The Best Core Exercises For JIU-JItSU
Now that we understand the functions of the core, and with respect to jiu jitsu, let’s dive into the best exercises for the mat.
1. 8-Point Plank (Stability, Anti-Rotation)
The 8-Point Plank was introduced to me by Coach Jessie Salas from Foundation Training. It’s a tremendous way to amplify the benefits of a traditional plank.
By dropping to the knees you can contract upward with the knees and downward will the elbows to really light up all parts of the rectus abdominis, especially the lower part that is often weak and underdeveloped.
Combining the 8-Point Plank with decompression breathing is the ultimate combo for pain relief and lower back health.
This move was a game-changer for my lower back pain, and I also noticed immediate transfer to my sit up and butterfly guards.
2. Coiling Core (Rotation, Lateral Flexion)
View this post on Instagram
The Coiling Core is a movement pattern that can be performed in a variety of exercises. I wrote about it here, and the amazing benefits this move can have for your power and durability.
It was coined and popularized by the great David Weck, and is at odds with conventional thinking about flexing and twisting the spine.
What was formerly thought of as a position of vulnerability becomes a newfound source of strength and power.
I recommend learning to coil with a rope first, then working up to simple bodyweight exercises before adding loads.
Once you do, however, you will never look at core training the same way again.
3. Turkish Sit Up (Flexion, Rotation)
The Turkish Sit Up is the first move in the full Turkish Get Up series, and in my opinion, the most beneficial part.
The powerful “crunch and roll” builds explosive strength out of the hole under the load of a dead weight above.
This type of strength is exactly what you need to create space between yourself and an opponent.
If you need more reasons to master the Get Up for BJJ read here and here, or just invest in the very best move for any grappler, the Grappler’s Get Up.
4. Club Pendulum (Rotation, Flexion)
Club swinging in general is an excellent way to improve your rotational core abilities, but the club pendulum targets the core better than the rest, in my opinion.
The Club Pendulum is like a lateral, or side clean, with a club – moving a weight from your side and cleaning it up to the standing position.
And only the club allows you to arc it in a way that is circular, which develops, what Scott Sonnon labelled, circular strength.

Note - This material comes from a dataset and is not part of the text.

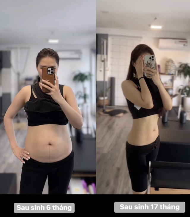 Mới đây, Phanh Lee gây chú ý khi chia sẻ hình ảnh so sánh trước và sau khi giảm 10kg gây ngạc nhiên vì những thay đổi quá rõ ràng. Bức ảnh đầu chụp sau khi cô sinh con thứ 2 được 6 tháng và body lúc 17 tháng đã "đánh bay" vòng hai lớn, trả lại vòng bụng thon thả như thuở còn xuân.
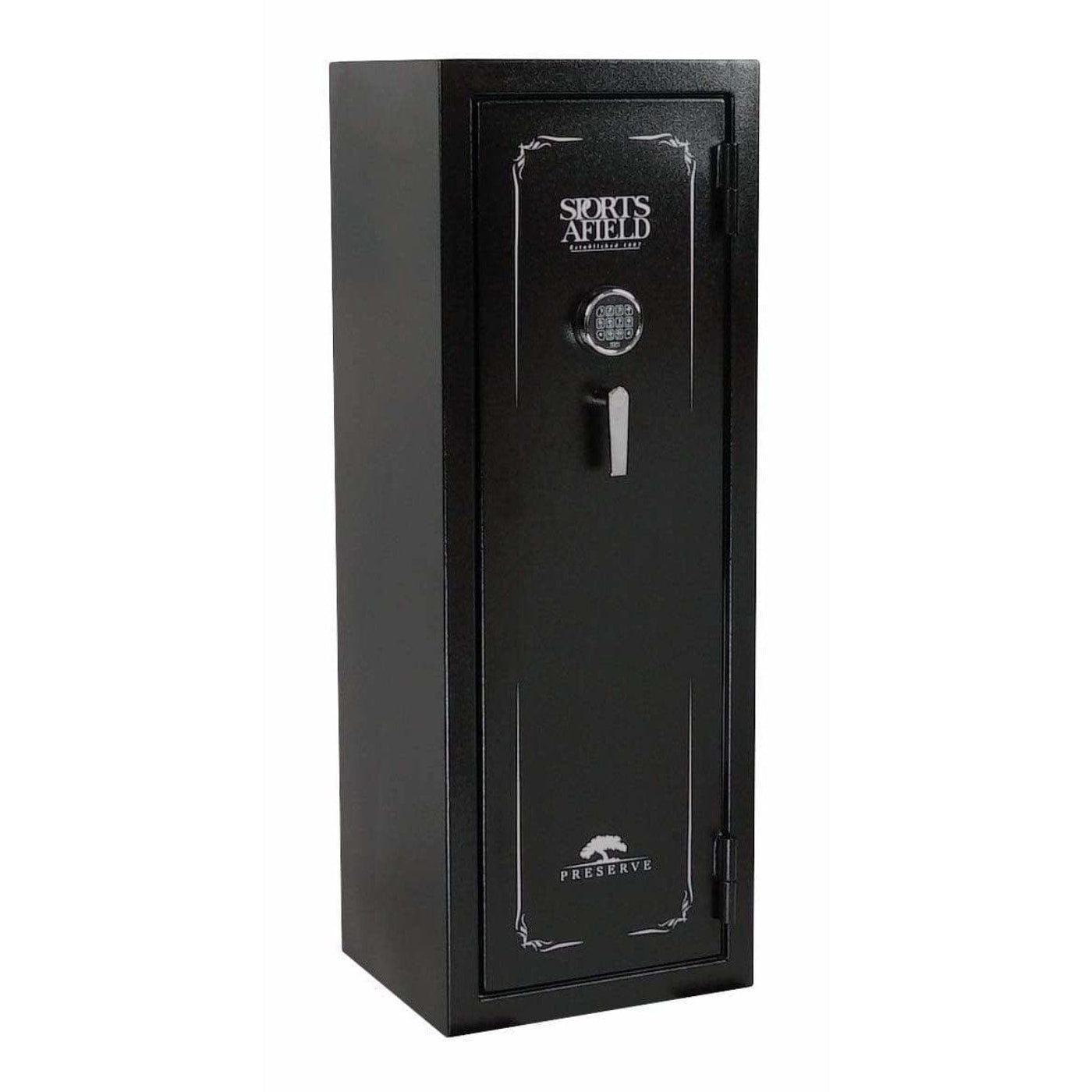The Sports Afield Preserve Series 18 + 4-Gun with Electronic Lock Gun Safe SA5520P has a triple seal technology by combining a Palusol fire seal along with a solid Polymer seal. It features a uni-weld technology that creates a fortified seam to eliminate the risk of any weak spots in construction. Sports Afield Preserve Series Gun Safes features an anti-theft alarm system that sounds at any attempt of unauthorized entry. This safe comes with 2 backup keys to make sure you are never locked out of your safe.Â

Essentially, this is strength in all directions, including the odd angles that you inevitably experience on the mat.
That’s why I like the Pendulum so much, it hits the core in a unique way that feels alike like sparring.
Plus, it fortifies your hips and low back in a way you won’t get anywhere else.

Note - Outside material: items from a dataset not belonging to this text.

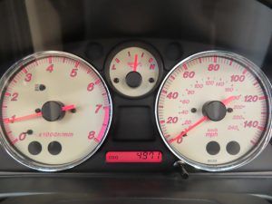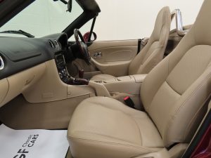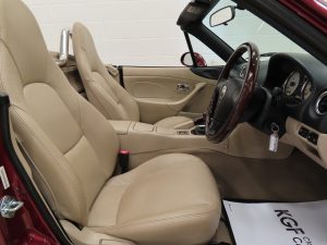 Standard for this Special Edition Indiana was the luxury Beige leather interior with heated sports seats which look fabulous against the Garnet Red exterior. The flawless seats remain in exceptional order and the beautifully crafted Nardi wood steering wheel, gear knob and handbrake lever look and feel superb with no wear whatsoever. The tailored MX5 carpet mats remain in place and protect the immaculate light carpeting. The interior chrome pack further lifts the already classy interior to separate this car from the usual dull specification. All unused, the jack, wheel brace, toolkit and space saver wheel and the matching beige tonneau are all present in the pristine luggage area. An interior justifiably described as good as new!
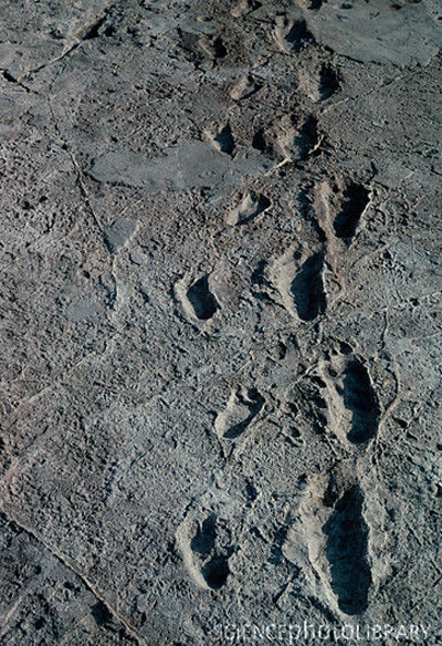 11 dấu chân in lại trên đá trầm tích ở Laetoli, đất nước Tanzania, Châu Phi, được các nhà nghiên cứu nhận thấy nó được tạo ra từ dáng đi giống như của con người hiện đại hơn là tư thế đi lại khó khăn, vụng về của loài tinh tinh, đười ươi hay khỉ đột.
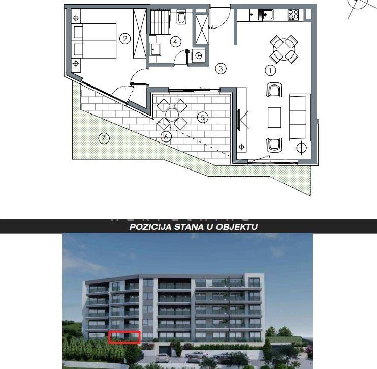 The third building in the center of Makarska is not just a new building to be constructed; it is an example of how the quality of life can be elevated to a higher level by combining design with a focus on comfort, which aligns with the urban planning and architectural solution of so-called "Green Building." The investor of the entire neighborhood, through conceptual solutions and main projects, is once again discovering a new dimension of living, with particular attention drawn to the interior, where the investor places emphasis on interior design.

5. Crawling (Stability, Flexion, Rotation)
Your first form of locomotion as a human is crawling.
Crawling builds the musculature and coordination you need for more advanced forms of locomotion, like walking, running, sprinting, and juking.
It also integrates the entire body through the core. The arms and legs work contra-laterally, and are connected via the core.

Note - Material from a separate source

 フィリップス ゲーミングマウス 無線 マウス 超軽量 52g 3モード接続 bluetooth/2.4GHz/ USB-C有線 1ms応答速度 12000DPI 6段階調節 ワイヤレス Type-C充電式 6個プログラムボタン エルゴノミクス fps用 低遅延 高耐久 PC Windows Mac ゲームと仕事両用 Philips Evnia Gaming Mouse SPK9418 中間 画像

Crawling also works the chest, shoulders, serratus, lats, and legs, while torching the entire core in the process. You’ll also crank up your heart and lungs for added benefits.
You can perform crawls in a variety of ways, but the two I like the most are braced core crawling, where you do not allow the spine to move at all, and coiling crawls, which is the complete opposite, flexing and bending the spine with each step.
Take Away
Jiu-jitsu demands a highly functional core capable of performing all necessary functions; flexion, stability, and rotation, as well as lateral flexion, anti-flexion, and anti-rotation.
With the moves listed above you will get everything you need for a powerful, strong, and durable core, with specific benefits for the mat.
I add core training to every workout and before every BJJ class. And I try to hit each primary function of the core in every workout and warmup.
Ultimately, like Bill Maeda taught me, you want to think of the core like a box, a front, a back, and two sides, with no part stronger or weaker than the other.
When you’ve strengthen the box equally on all sides you should have no problems with performance or pain.